Strong Ties to Lehigh
His success story led the Lehigh Lawyers Association to honor Verma at its annual spring award dinner on May 2 at the Penn Club in New York City.
“It was a really special night,” he says. “The Lehigh Lawyers Association is a group of amazing, talented people. I was gratified to see a lot of my former Lambda Chi fraternity members show up as well.”
Verma says his deep connections to Lehigh, which include past service on the Alumni Association board, as a Young Alumni trustee, a member of the Board of Trustees, and the 2019 commencement speaker, stems from the sense of community he discovered as a student.
“It’s about standing up for each other and taking care of one another,” he says. “I’ve seen that in the Lehigh community for over 34 years now. It really is a network of faculty and staff who look out for you, not just while you’re a student but after graduation as well.
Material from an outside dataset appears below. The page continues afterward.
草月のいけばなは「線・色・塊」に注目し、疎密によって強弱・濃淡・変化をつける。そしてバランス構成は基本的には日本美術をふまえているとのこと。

It sounds like a cliché, but it’s real: You have this lifelong family.”
Passage to India
Verma attended Lehigh with an Air Force ROTC scholarship and an industrial engineering major. He says he thought he would pursue astronaut training, but subjects like advanced calculus and thermodynamics redirected him to his strengths in the liberal arts, particularly law and policy. Working in Washington, D.C., during summer and winter breaks for U.S. Rep. John P. Murtha, who chaired the House Appropriations Subcommittee on Defense, solidified his career path.
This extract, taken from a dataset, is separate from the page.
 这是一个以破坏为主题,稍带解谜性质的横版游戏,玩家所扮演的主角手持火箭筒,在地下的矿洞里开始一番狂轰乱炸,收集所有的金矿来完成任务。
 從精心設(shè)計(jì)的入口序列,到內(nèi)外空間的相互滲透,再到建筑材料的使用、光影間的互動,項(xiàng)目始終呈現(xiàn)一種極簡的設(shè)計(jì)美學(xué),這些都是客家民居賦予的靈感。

Verma’s experiences in the Air Force, in private law practice, as senior national security adviser for U.S. Senate Majority Leader Harry Reid, and as assistant secretary of state for legislative affairs under Secretary of State Hillary Clinton led him to the role of U.S. ambassador to India in December 2014. He was the first Indian American to serve in the position.
“It was the honor of a lifetime to go back to the place where my parents were raised and lived through difficult times with India’s independence movement and the partition in South Asia,” he says. “I got to see the places where my mom taught school, my dad taught school, where my mom settled as a refugee. People who knew my parents filled in the blanks of their lives for me.”
Embracing a Deeper Relationship
The major challenge of his ambassador role, Verma says, was overcoming what India Prime Minister Narendra Modi calls “the hesitations of history.”
“What he means by that is we had decades where we were not cooperating, where we were not necessarily close partners, and we were lined up very differently,” Verma explains. “That doesn’t just change overnight. So, you’ve got to understand history, why things happened the way they did, and figure out how to build your way out of it with new partnerships, trusted relationships, and new initiatives. The most challenging part was embracing and constructing a relationship for this century that was not bogged down by what had happened in the prior century.”
Verma hit the ground running as President Barack Obama, Secretary of State John Kerry, and Secretary of Commerce Penny Pritzker all made separate visits to India within his first 30 days there.
“That gave a sense of how intense this was going to be and frankly how fun and fulfilling an assignment it was,” he says.
The U.S.-India relationship deepened considerably across issues such as defense, trade, and mitigating climate change. Verma became the first in his position to visit all 29 Indian states. Forbes called him “one of the most consequential envoys ever to occupy the prestigious post … [who] raised the partnership to unparalleled heights in virtually every arena of bilateral cooperation.”
Answering Another Call to Serve
After serving as ambassador from 2014-17, Verma returned to the private sector until U.S. Secretary of State Antony Blinken asked him to serve as deputy secretary of state for management and resources. He began in April 2023 and has led a department-wide modernization program, ensuring the State Department and its 80,000 people around the world have the tools, training, and resources to compete in a challenging global geopolitical environment.
“It’s a great honor to be in this position,” Verma says. “As everyone knows, it’s not a quiet or calm time in global affairs, which makes this job even more challenging. In the first 14 months, I’ve been to 46 embassies and consulates around the world. I’ve come back really inspired by our people, who are doing a complicated, difficult mission on behalf of the American people.”